Items from a dataset:
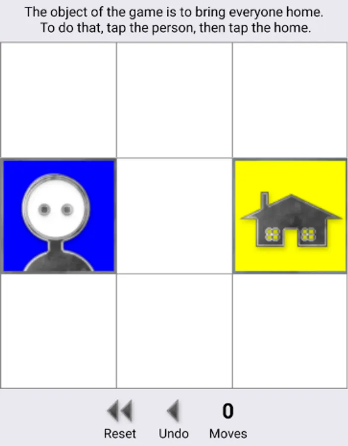 The Magnet Puzzle is a simple logical game involving three types of pieces: people, blocks, and homes. All of these pieces are able to pull other pieces towards them. The object of the game is to bring all of the people home in as few moves as possible.
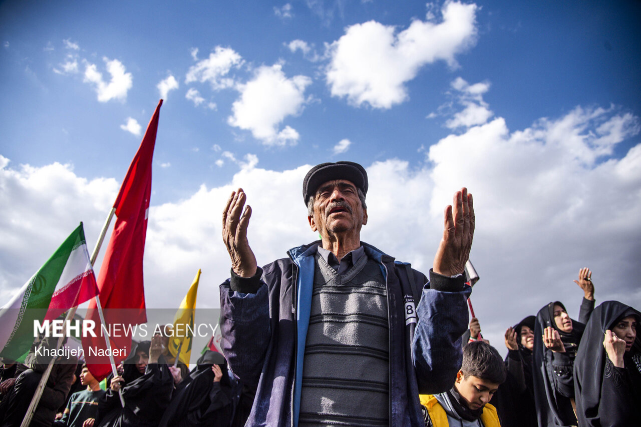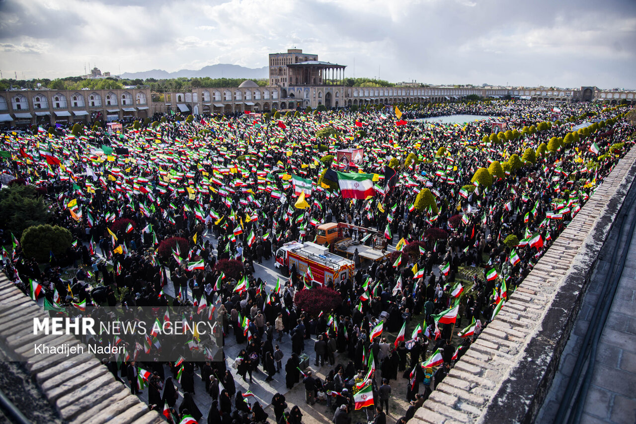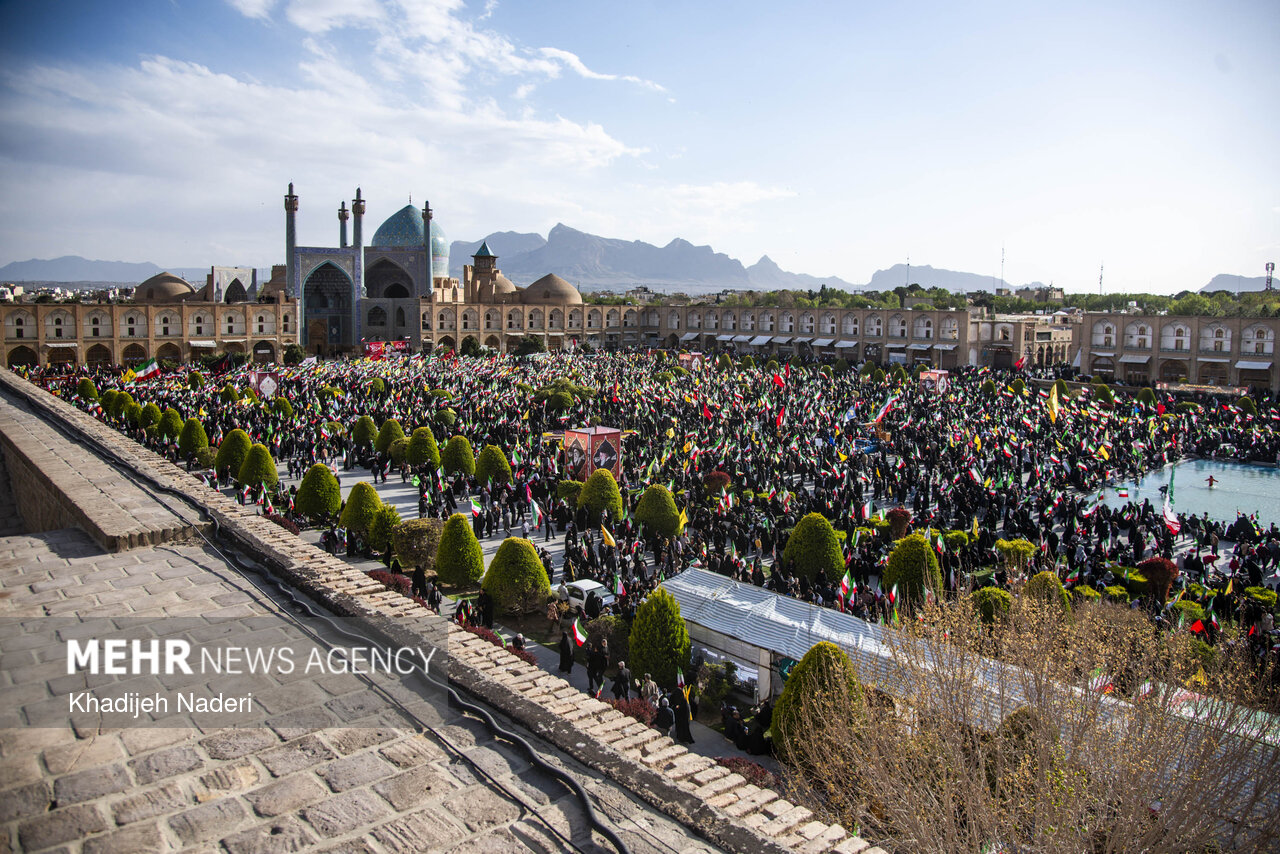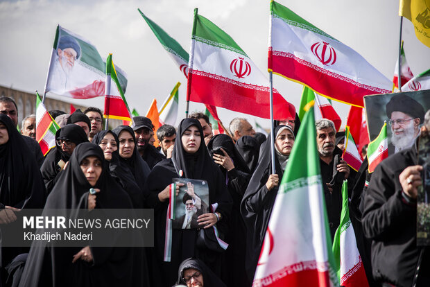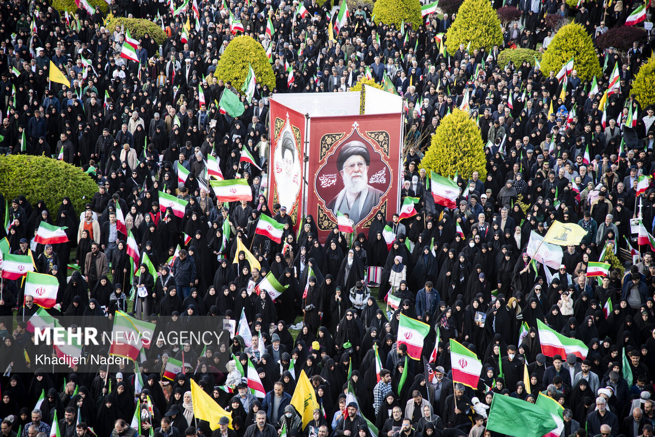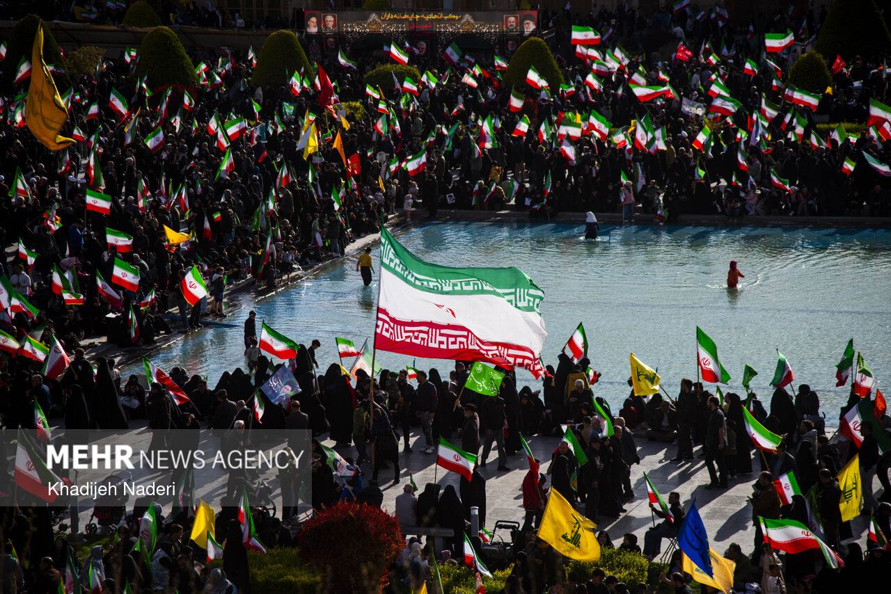 TEHRAN, Apr. 10 (MNA) – A mourning ceremony for the 40th day (Arbaeen) of the Leader’s martyrdom, along with the funeral procession of martyrs of the Ramadan War, was held in Isfahan on Thursday.
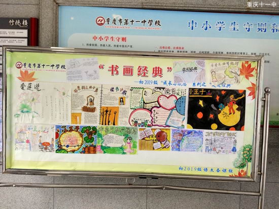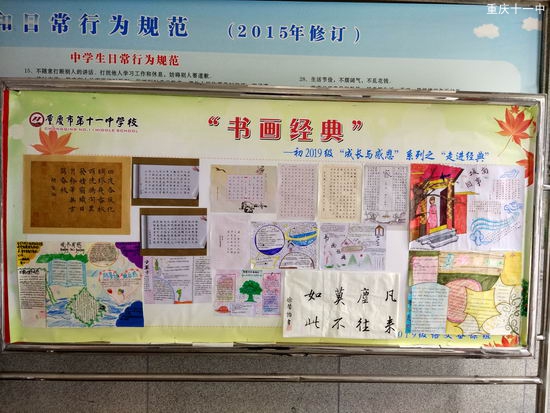 2016年11月16日,初2019级语文备课组举办的 “书画经典”活动作品展在博文楼、修德楼底楼大厅展出。
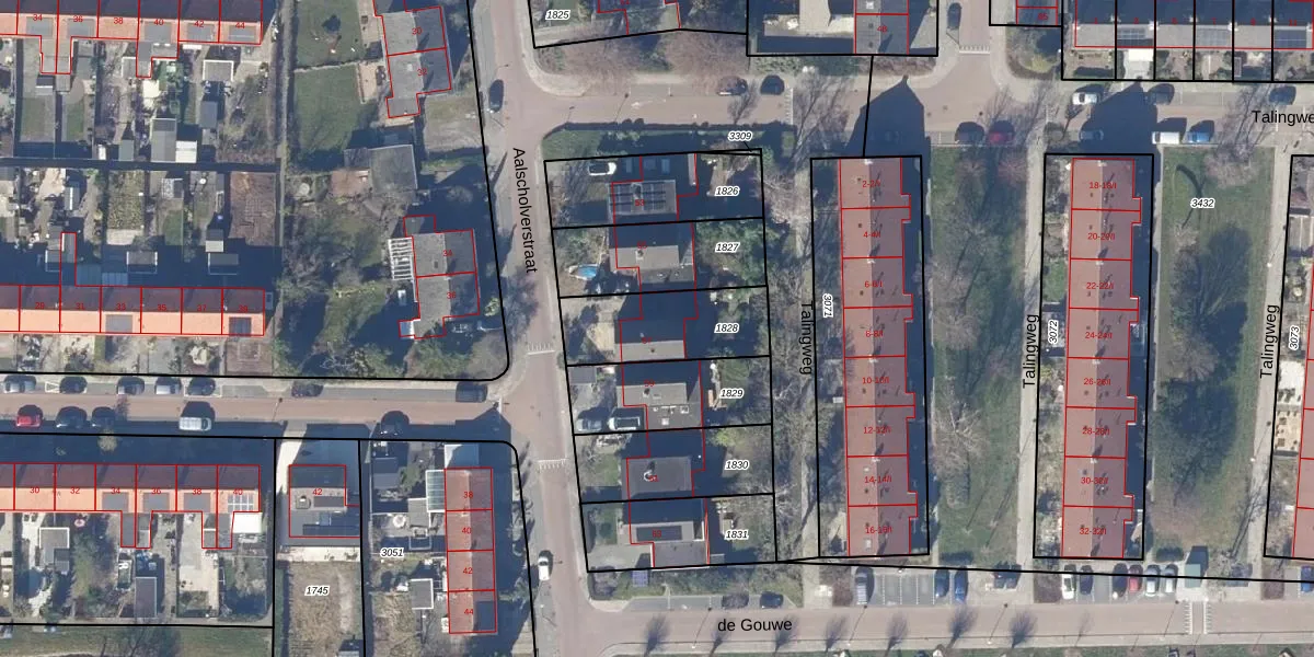 Gebruik de zoekbalk of klik op een perceel voor informatie over de adressen binnen dit perceel.
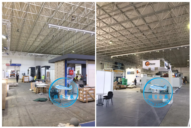 忙碌的一天從布展開始!葡萄牙石材展一共分為3個(gè)館,石材(含國際企業(yè))有兩個(gè)館,還有一個(gè)館為工具機(jī)械,展出面積達(dá)到16000+平方米。
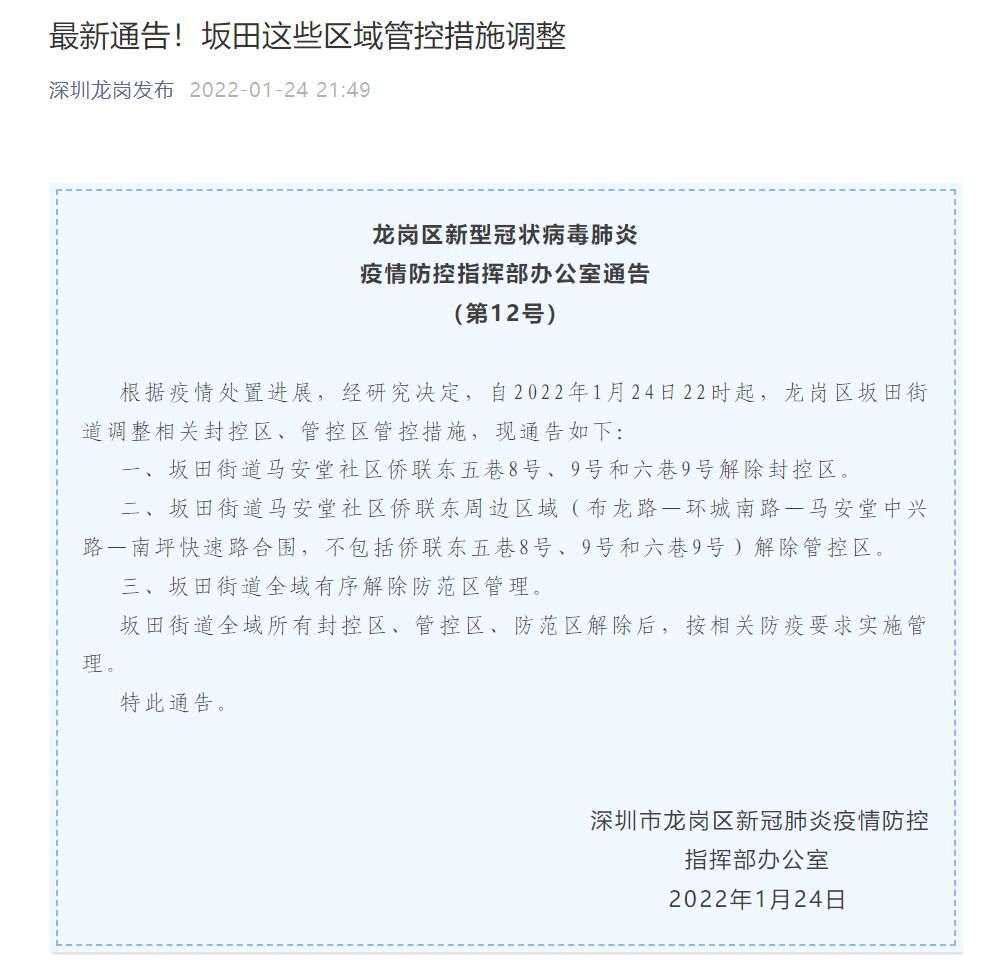 荔枝新闻讯 深圳龙岗区新型冠状病毒肺炎疫情防控指挥部办公室发布通告称,根据疫情处置进展,经研究决定,自2022年1月24日22时起,龙岗区坂田街道调整相关封控区、管控区管控措施,现通告如下:
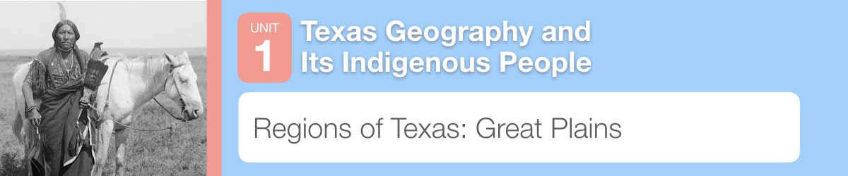 Texas is divided into four regions—the Mountains and Basins, the Great Plains, the North Central Plains, and Coastal Plains. The regions are determined by the physical geography, such as landforms, climate, and vegetation. In this experience, you will learn about the Great Plains.
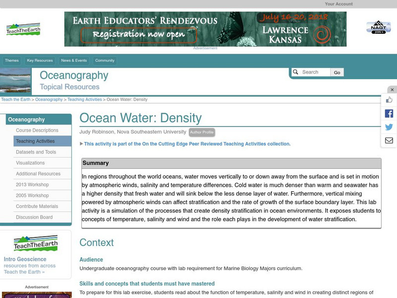 For this lesson students will learn about the stratification of the ocean by using a simulation to show the different densities. The simulation explores how temperature, salinity, and wind affect the development of water stratification.

• _WHAT YOU HAVE TO DO_: Output the records above verbatim. Pictures stay out.

• _FINISHED TASK_:
 The Magnet Puzzle is a simple logical game involving three types of pieces: people, blocks, and homes. All of these pieces are able to pull other pieces towards them. The object of the game is to bring all of the people home in as few moves as possible.
 TEHRAN, Apr. 10 (MNA) – A mourning ceremony for the 40th day (Arbaeen) of the Leader’s martyrdom, along with the funeral procession of martyrs of the Ramadan War, was held in Isfahan on Thursday.
 2016年11月16日,初2019级语文备课组举办的 “书画经典”活动作品展在博文楼、修德楼底楼大厅展出。
 Gebruik de zoekbalk of klik op een perceel voor informatie over de adressen binnen dit perceel.
 忙碌的一天從布展開始!葡萄牙石材展一共分為3個(gè)館,石材(含國際企業(yè))有兩個(gè)館,還有一個(gè)館為工具機(jī)械,展出面積達(dá)到16000+平方米。
 荔枝新闻讯 深圳龙岗区新型冠状病毒肺炎疫情防控指挥部办公室发布通告称,根据疫情处置进展,经研究决定,自2022年1月24日22时起,龙岗区坂田街道调整相关封控区、管控区管控措施,现通告如下:
 Texas is divided into four regions—the Mountains and Basins, the Great Plains, the North Central Plains, and Coastal Plains. The regions are determined by the physical geography, such as landforms, climate, and vegetation. In this experience, you will learn about the Great Plains.
 For this lesson students will learn about the stratification of the ocean by using a simulation to show the different densities. The simulation explores how temperature, salinity, and wind affect the development of water stratification.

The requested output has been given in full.